To be fair, this estimate doesn’t include the second layer of tax paid by C corporation shareholders. Add in the shareholder tax on capital gains and dividends, and the effective rates for C and S corporations are probably about the same. We’ve been pointing that out for two years now.

But wait. Doesn’t this same “second layer of tax” apply to some of Mitt Romney’s income? A cursory look at his return suggests that a good portion of it is investment income that has already been subject to the corporate layer of tax. In that case, his real effective tax rate — including any taxes paid by corporations he owns — should be significantly higher. The same can be said for Warren Buffett.

Which brings us to the President’s State of the Union speech. In it, he called for a new “minimum tax” to ensure millionaires pay a minimum tax to the federal government. Here’s what he said:

Tax reform should follow the Buffett Rule. If you make more than $1 million a year, you should not pay less than 30 percent in taxes. And my Republican friend Tom Coburn is right: Washington should stop subsidizing millionaires. In fact, if you’re earning a million dollars a year, you shouldn’t get special tax subsidies or deductions. On the other hand, if you make under $250,000 a year, like 98 percent of American families, your taxes shouldn’t go up. You’re the ones struggling with rising costs and stagnant wages. You’re the ones who need relief.

Now, you can call this class warfare all you want. But asking a billionaire to pay at least as much as his secretary in taxes? Most Americans would call that common sense.

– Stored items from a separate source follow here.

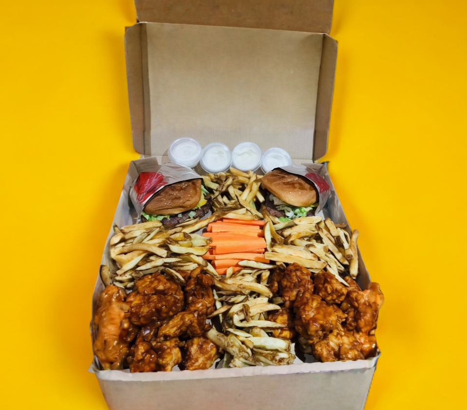 2 Hamburguesas de res preparadas en casa, 20 boneless, papas naturales, apio, zanahoria, 4 aderezos ranch.
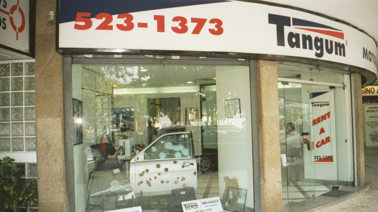 Afterwards I went to a juice bar and passed by the rental car office, where they demonstrate the model favored by businessmen who are often bothered by terrorists and kidnappers; the one that will repel bullets:
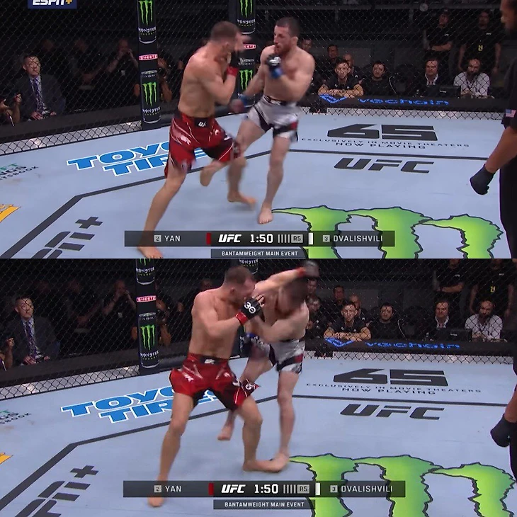 Бой с Дейвисоном Фигейредо (ноябрь 2024-го): в первом раунде соперник прессинговал, успешно перевел, недолго контролировал Яна в партере. Яну снова помог апперкот правой – в третьем раунде он оформил им нокдаун. После этого Фигейредо стал аккуратнее, больше пропускал и в итоге отдал все пять раундов.
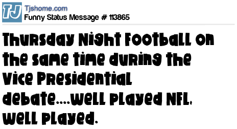 X Thursday Night Football on the same time during the Vice Presidential debate....well played NFL, well played.
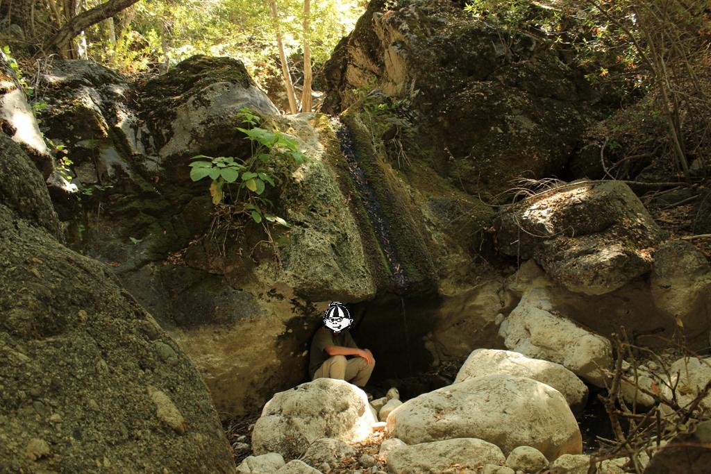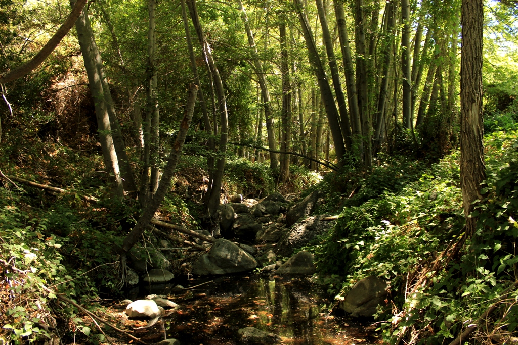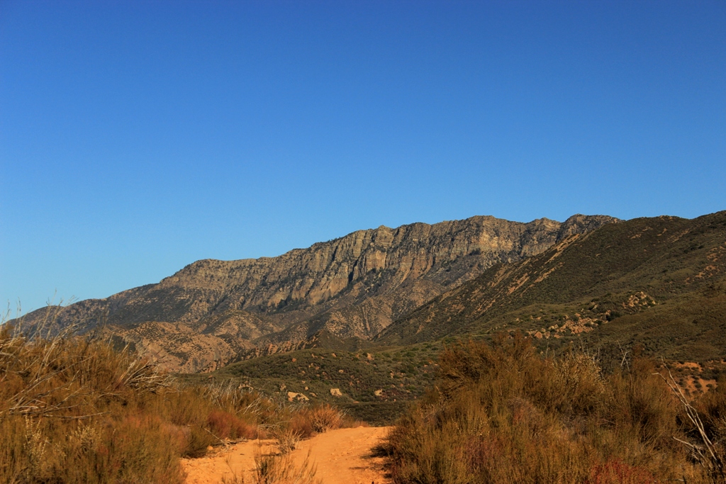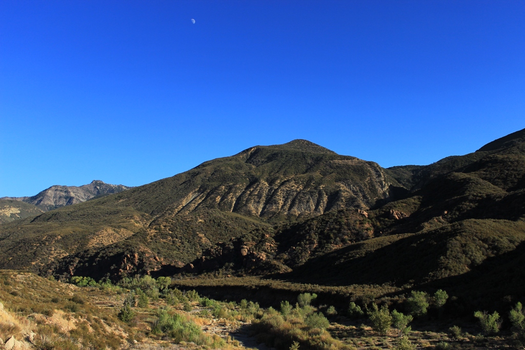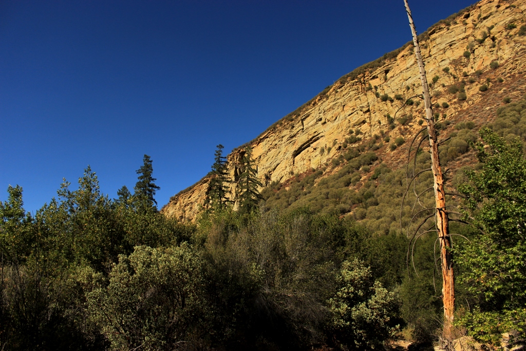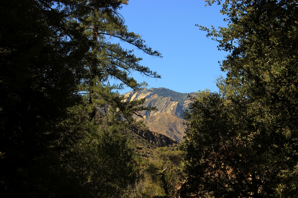 Bear Canyon creek cuts a narrow gap through the foot of the mountain towards its confluence with Sespe Creek. It’s a canyon patchily shaded by oak, maple, sycamore, alder and fir trees, with a couple of looming cliffs rising high overhead, and a seasonal creek that flushes through sections of massive boulders.

The 30 percent threshold is new. Before, the rhetoric around the Buffett Rule was simply that the millionaire should pay more than the secretary. This new approach is described in the “Blueprint” document that accompanied the speech. It says:

Make the tax code fairer and simpler for the middle class and make sure millionaires and billionaires follow the Buffett Rule by paying at least 30% in taxes.

Later, the Blueprint calls for corporate reform that, among other things, lowers corporate rates:

The President believes that we need comprehensive corporate tax reform that will close loopholes, lower rates, and eliminate incentives that make it more attractive to ship jobs overseas.

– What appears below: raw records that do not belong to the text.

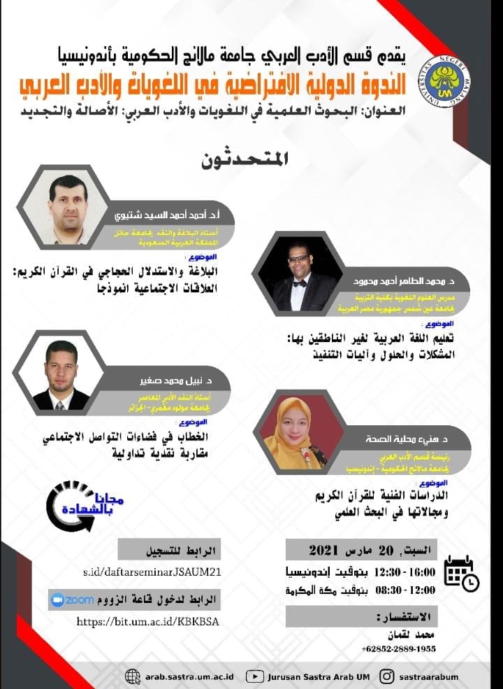 [IMG][/IMG]يدعوكم قسم اللغة العربية والدراسات الإسلامية بكلية التربية بجامعة عين شمس وقسم الأدب العربي كلية الآداب جامعة مالانج الحكومية في إندونيسيا إلى الندوة الدولية الافتراضية في اللغويات والأدب العربي*
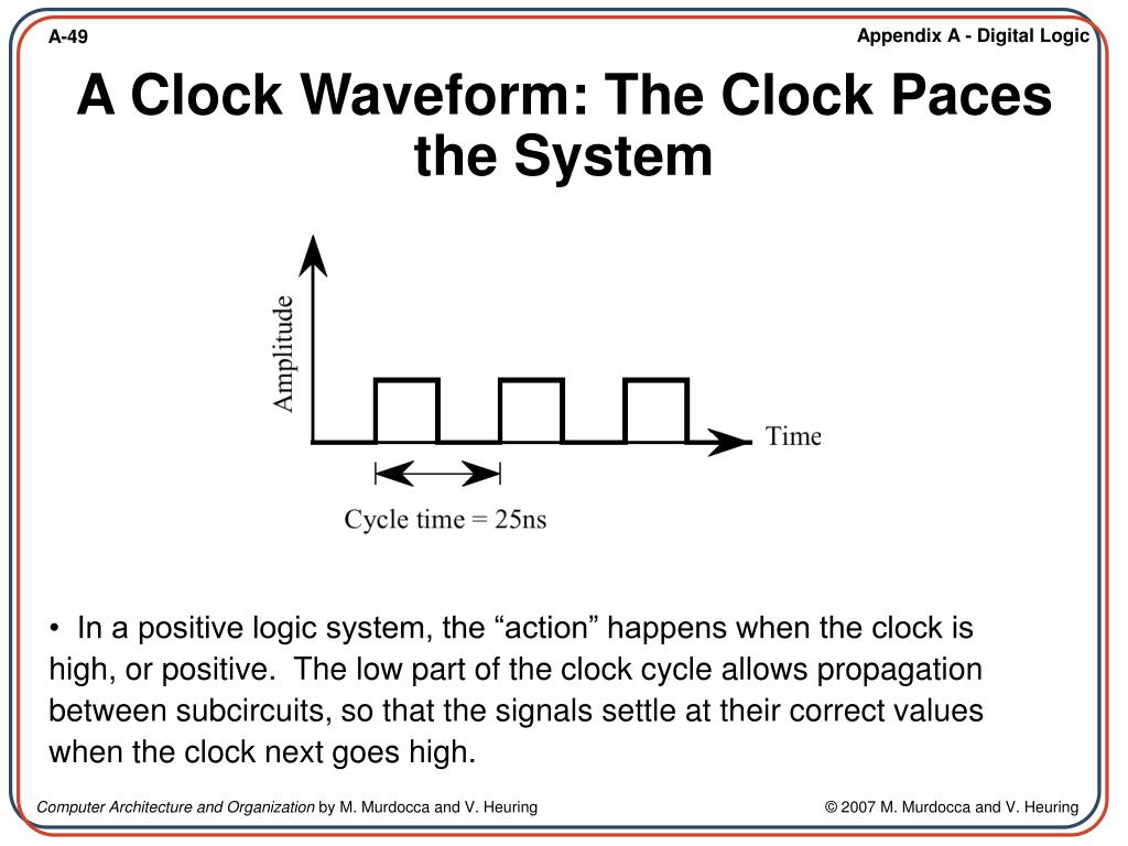 A Clock Waveform: The Clock Paces the System • In a positive logic system, the “action” happens when the clock is high, or positive. The low part of the clock cycle allows propagation between subcircuits, so that the signals settle at their correct values when the clock next goes high.
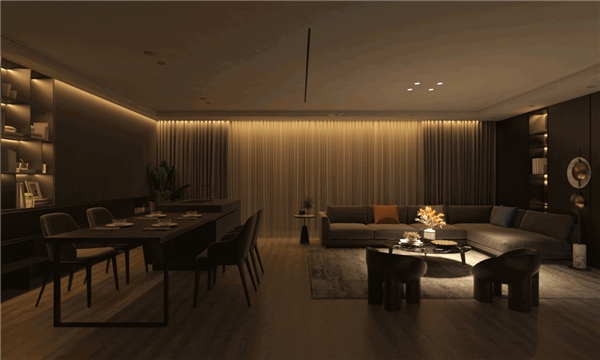 作为家中最重要的区域之一,客厅光源的布置尤其考验技术的成熟性。在这个空间里,天花板可以嵌入筒灯、射灯或者灯带,并以轨道射灯洗墙。居室中每个细分空间中均有光源,彼此独立而又不分彼此。而对于一般家庭来讲,客厅担负了最多的功用和最丰富的需求。比如日常会客或者看书需要明亮的光线,看电视或看电影又需要光线变暗,多人同时在空间进行不同活动则需要不同灯光组合。

So, the President is advocating for raising rates on capital gains and dividends, but he’s also advocating for cutting corporate rates. The former is part of his “fairness” agenda and the latter is part of a “jobs” agenda.

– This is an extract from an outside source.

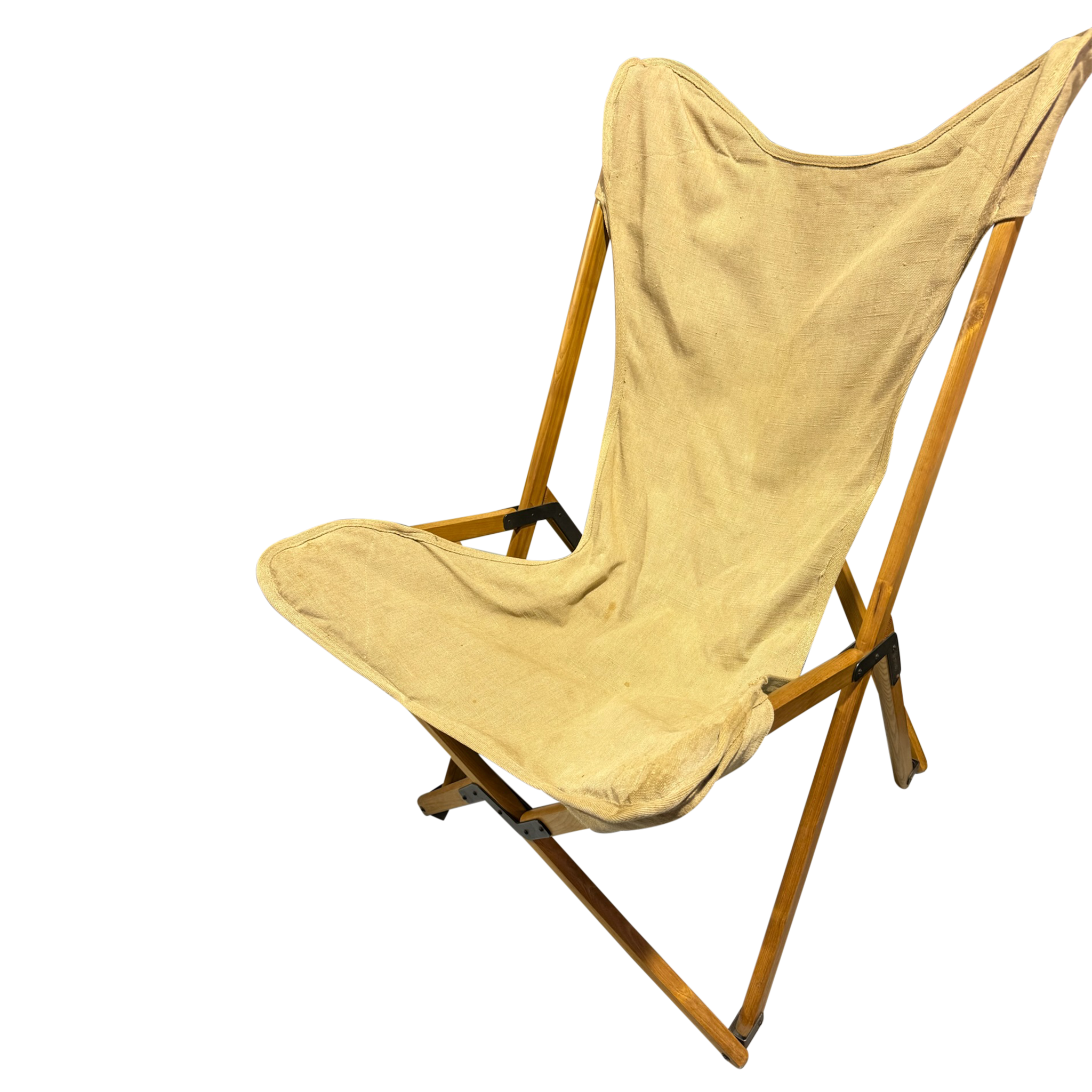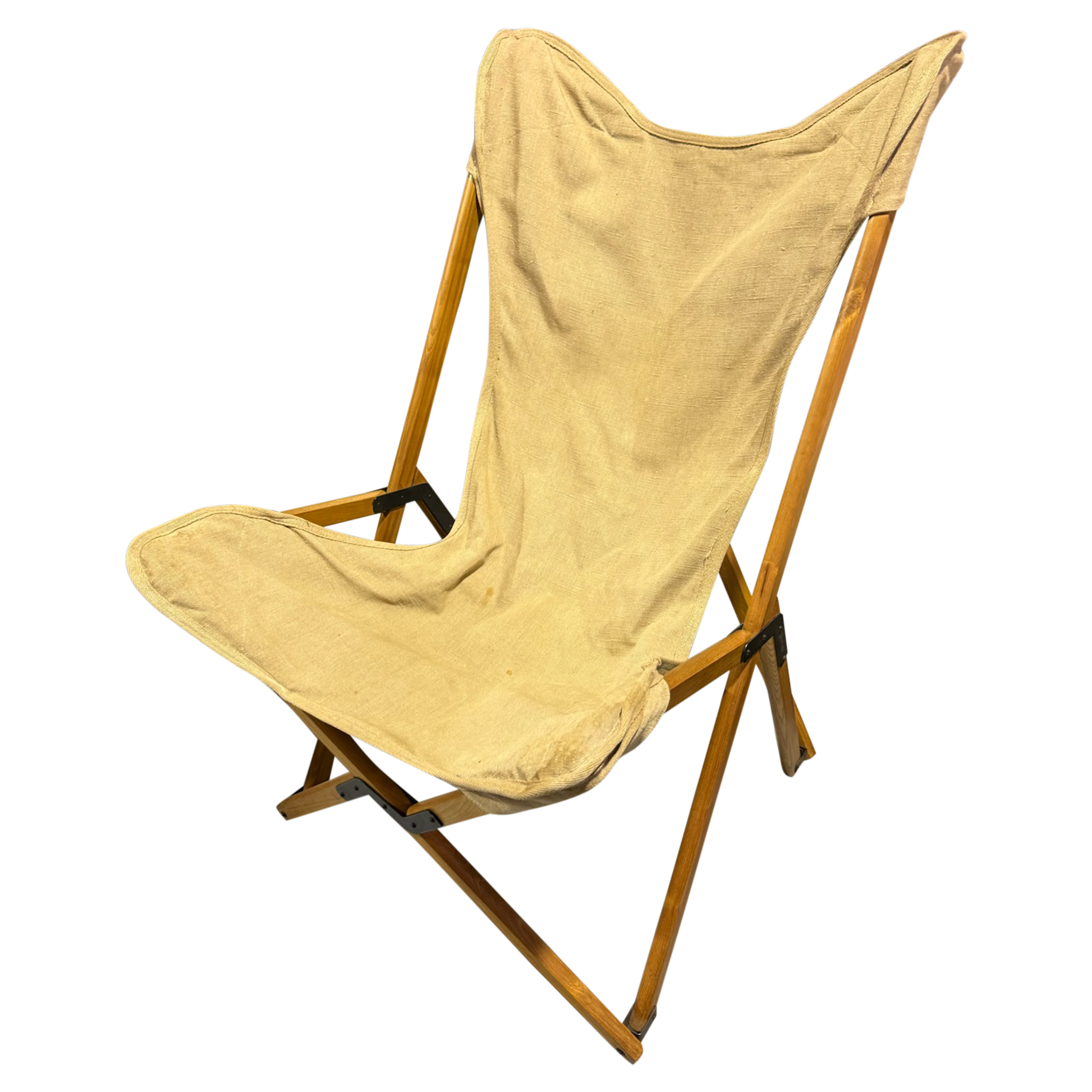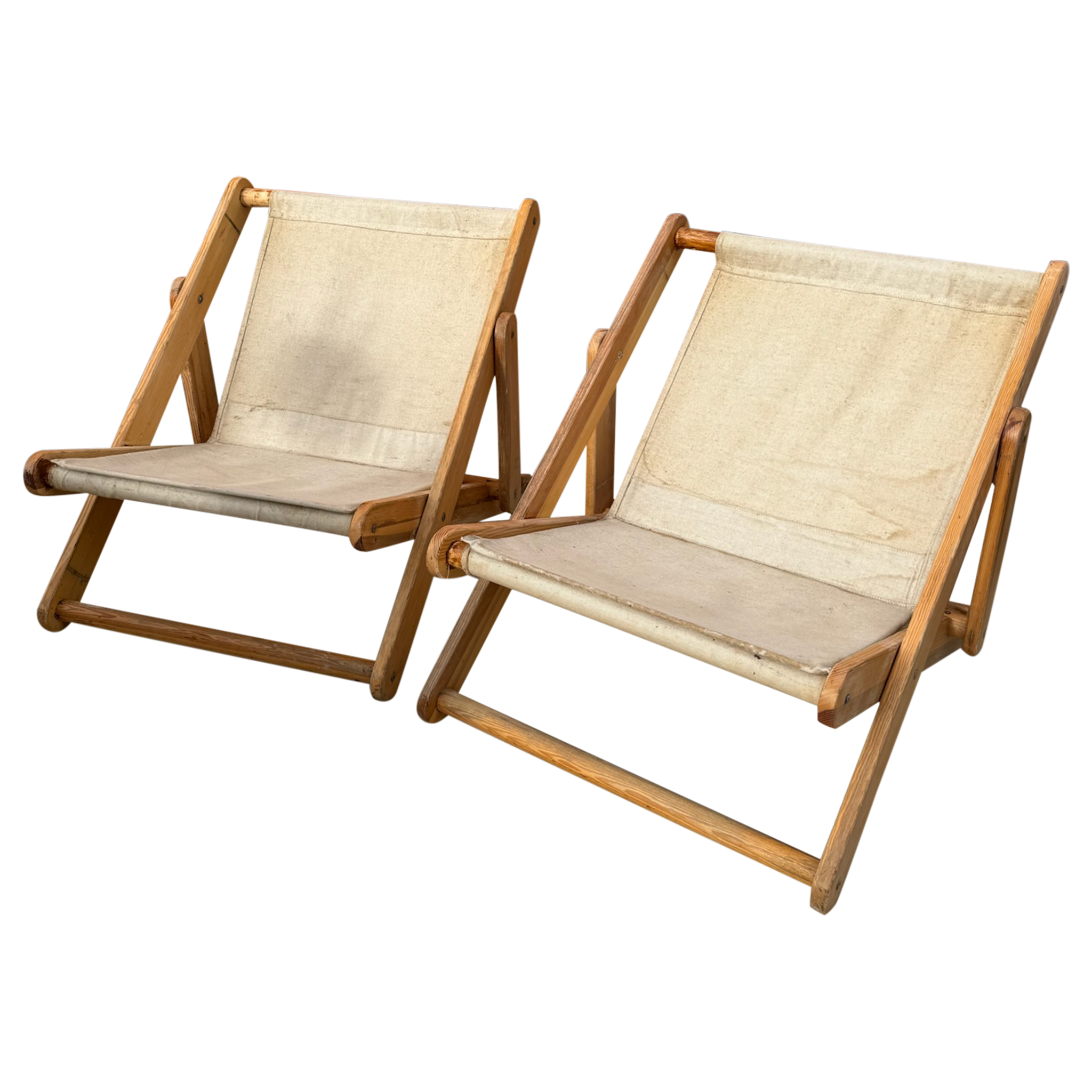 Pair of Danish Pine and Canvas Folding Lounge Chairs

How does it balance out? The total tax on corporate profits equals the corporate tax combined with the dividend and capital gains tax paid by shareholders like Mitt Romney. Today, that tax is equal to 45 percent (35 percent corporate first and 15 percent dividends/cap gains second). Assuming the President calls for a 25 percent corporate rate as part of his corporate tax reform, then the total tax on corporate profits in the future would be 25 percent first and 30 percent second, or 47.5 percent. The tax on corporate profits would go up.

In other words, the President’s “fairness” agenda totally trumps the President’s “jobs” agenda. Kind of shows you where his priorities are.